The invention relates to the technical field of
land degradation restoration, and discloses a
land degradation area
vegetation restoration
planning method based on AI image recognition, which integrates multi-
source data of
satellite remote sensing, an unmanned aerial vehicle, a meteorological
station, a soil sensor and the like, generates a composite environment grid with a unified space-time reference through a space-time diagram convolutional network, extracts drought and rainstorm precursor characteristics, and carries out
vegetation restoration on the
land degradation area.

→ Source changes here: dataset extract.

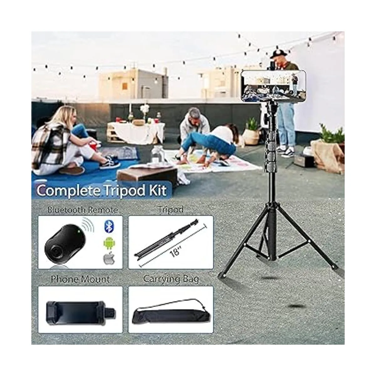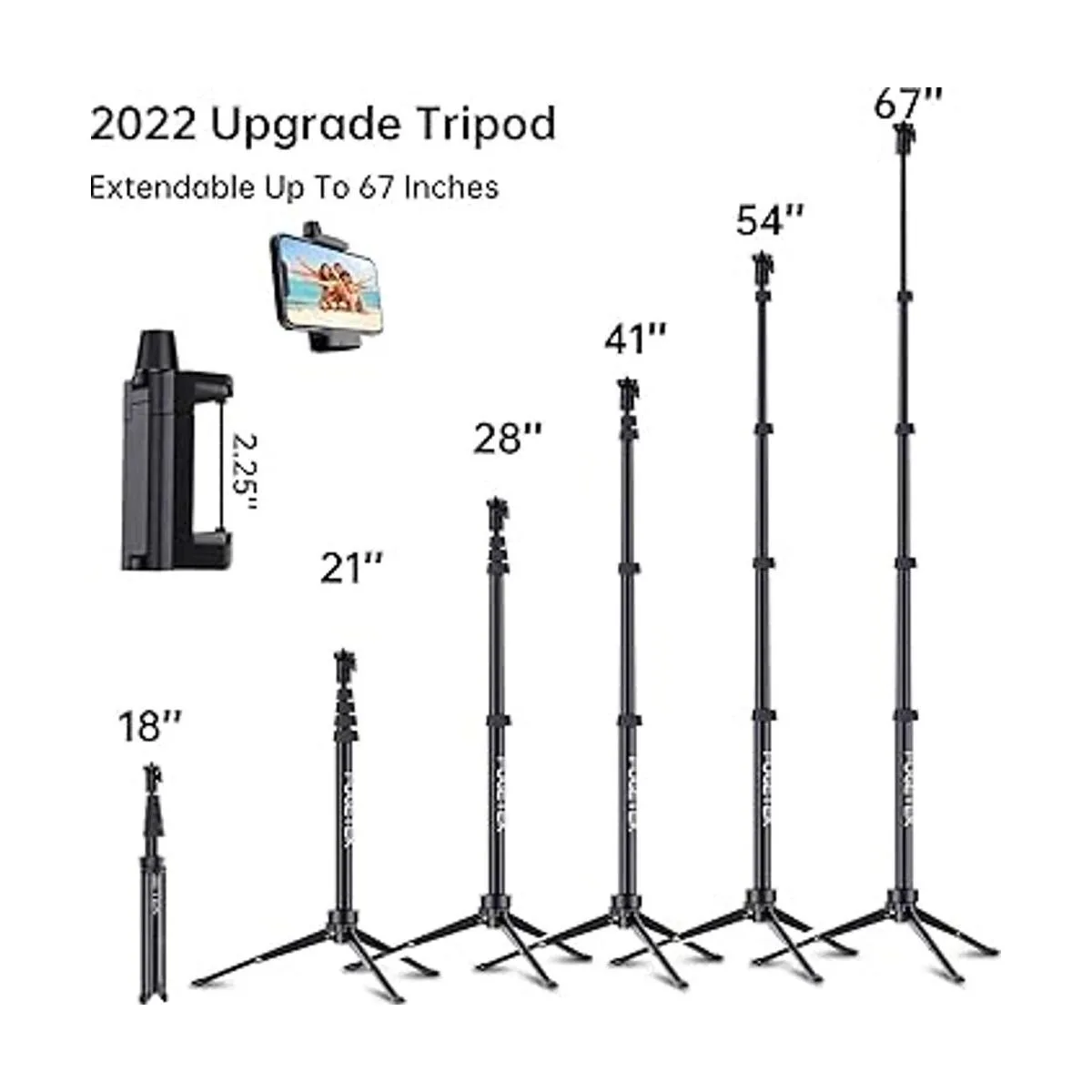 Fugetek Trípode profesional para teléfono celular de 67 pulgadas, portátil, todo en uno, control remoto Bluetooth, soporte para teléfono, compatible con dispositivos iPhone y Android, pies antideslizantes, color negro

The disaster probability is predicted by using a space-time Transform model; dividing degraded and non-degraded areas by using UNet, embedding a 3-PG
vegetation growth model in the UNet, constructing a
vegetation type library in combination with meteorological partitions, outputting planting parameters, and performing regression optimization and
verification through a
Gaussian process; integrating the multi-
source data and the phenological data to construct a vegetation
knowledge graph, and generating a restoration scheme through a graph neural network; a digital twinborn body is constructed based on a Unity engine, the feasibility of a vegetation growth
verification scheme is simulated, and
model parameters are updated by combining ensemble Kalman filtering with unmanned aerial vehicle data. According to the method, precision and dynamic optimization of repair planning are realized through an AI technology.